Category | Assignment | Subject | Computer Science |
---|---|---|---|
University | University of Salford | Module Title | Master Big Data Tools & Techniques |
You will be given 2 tasks with separate datasets a set of problem statements for each task. You are required to implement your solution to each problem based on tasks’ description.
Task 1
You will be using clinical trial datasets in this work and combining the information with a list of pharmaceutical companies. You will be given the answers to the questions, for a basic implementation, for two historical datasets, so you can verify your basic solution to the problems. All data will be available from Blackboard.
Datasets:
The data necessary for this assignment will be zipped CSV files. The .csv files have a header describing the files’ contents. They are:
1. Clinicaltrial_2023.csv:
Every row in the dataset corresponds to an individual clinical trial and is identified by different variables. It's important to note that the first column contains a mixture of various variables separated by a delimiter, and the date columns exhibit various formats. Please consider these issues and ensure that the dataset is appropriately prepared before initiating any analysis.
(Source: ClinicalTrials.gov)
2. pharma.csv:
The file contains a small number of a publicly available list of pharmaceutical violations. For the purposes of this work, we are interested in the second column, Parent Company, which contains the name of the pharmaceutical company in question.
(Source: https://violationtracker.goodjobsfirst.org/industry/pharmaceuticals)
When creating tables for this task, you must name them as follows:
➢clinicaltrial_2023
➢pharma
The uploaded datasets, must exist (and be named) in the following locations: ➢/FileStore/tables/clinicaltrial_2023.csv
➢/FileStore/tables/pharma.csv
This is to ensure that we can run your notebooks when testing your code (marks are allocated for your code running).
Problem statement
You are a data scientist / AI engineer whose client wishes to gain further insight into clinical trials. You are tasked with answering these questions, using visualisations where these would support your conclusions.

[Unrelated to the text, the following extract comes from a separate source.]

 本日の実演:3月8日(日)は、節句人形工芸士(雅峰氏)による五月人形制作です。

You should address the following questions.
1. The number of studies in the dataset. You must ensure that you explicitly check distinct studies.

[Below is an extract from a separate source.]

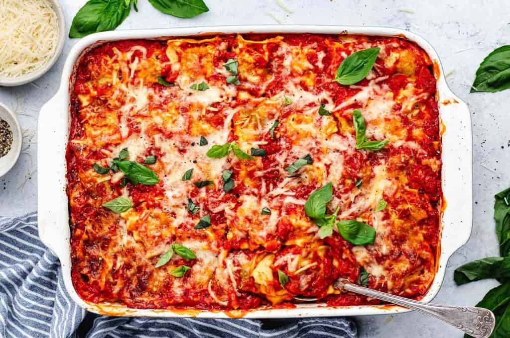 Boil store-bought ravioli until just tender. In a baking dish, spread a layer of marinara sauce, followed by ravioli, then ricotta mixed with spinach and parmesan. Repeat layers, finishing with mozzarella. Bake at 375°F until cheese is melted and bubbly. This clever shortcut lasagna uses ravioli for speed without sacrificing taste. Garnish with fresh basil for an aromatic touch. The simplicity and richness make it an ideal quick dinner option.

2. You should list all the types (as contained in the Type column) of studies in the dataset along with the frequencies of each type. These should be ordered from most frequent to least frequent.
3. The top 5 conditions (from Conditions) with their frequencies.
4. Find the 10 most common sponsors that are not pharmaceutical companies, along with the number of clinical trials they have sponsored. Hint: For a basic implementation, you can assume that the Parent Company column contains all possible pharmaceutical companies.
5. Plot number of completed studies for each month in 2023. You need to include your visualization as well as a table of all the values you have plotted for each month.
You are to implement all 5 tasks 3 times: once in Spark SQL and twice in PySpark (once in RDD and another time in DataFrame).
For the visualisation of the results, you are free to use any tool that fulfils the requirements, which can be tools such as Python’s matplotlib, Excel, Power Bi, Tableau, or any other free open-source tool you may find suitable. Using built-in visualizations directly is permitted, it will however not yield a high number of marks. Your report needs to state the software used to generate the visualization, otherwise a built-in visualization will be assumed.
Extra features to be implemented for extra marks:
For this task, an implementation of the above which is correct, fully documented and clearly explained can only receive a maximum mark of 69% for this component. Higher scoring submissions will need to implement additional features, such as (but not limited to):
➢ Unzipping the data inside the Databricks system (You can unzip the file on your computer before uploading it to Databricks. However, to earn extra marks, you should be able to successfully unzip it within the Databricks environment. Additionally, your code should be reusable for us, meaning it needs to include proper cleanup procedures to remove any unnecessary files and folders from the filesystem. This ensures our ability to run your code without errors.).
➢Maximum 3 further analyses of the data, motivated by the questions asked (new problem statements other than the above 5 problems)
➢ Writing general and reusable code for example for different versions of data. We have provided the clinicaltrial_2020 and clinicaltrial_2021 datasets only for this purpose if you want (don’t forget, the main dataset is clinicaltrial_2023 and 2020 and 2021 versions are just for extra mark and is not compulsory to use them).
➢ Using more advance methods to solve the problems like defining and using user defined functions.
➢ Successfully implementing Spark functions that you have not used in the workshop.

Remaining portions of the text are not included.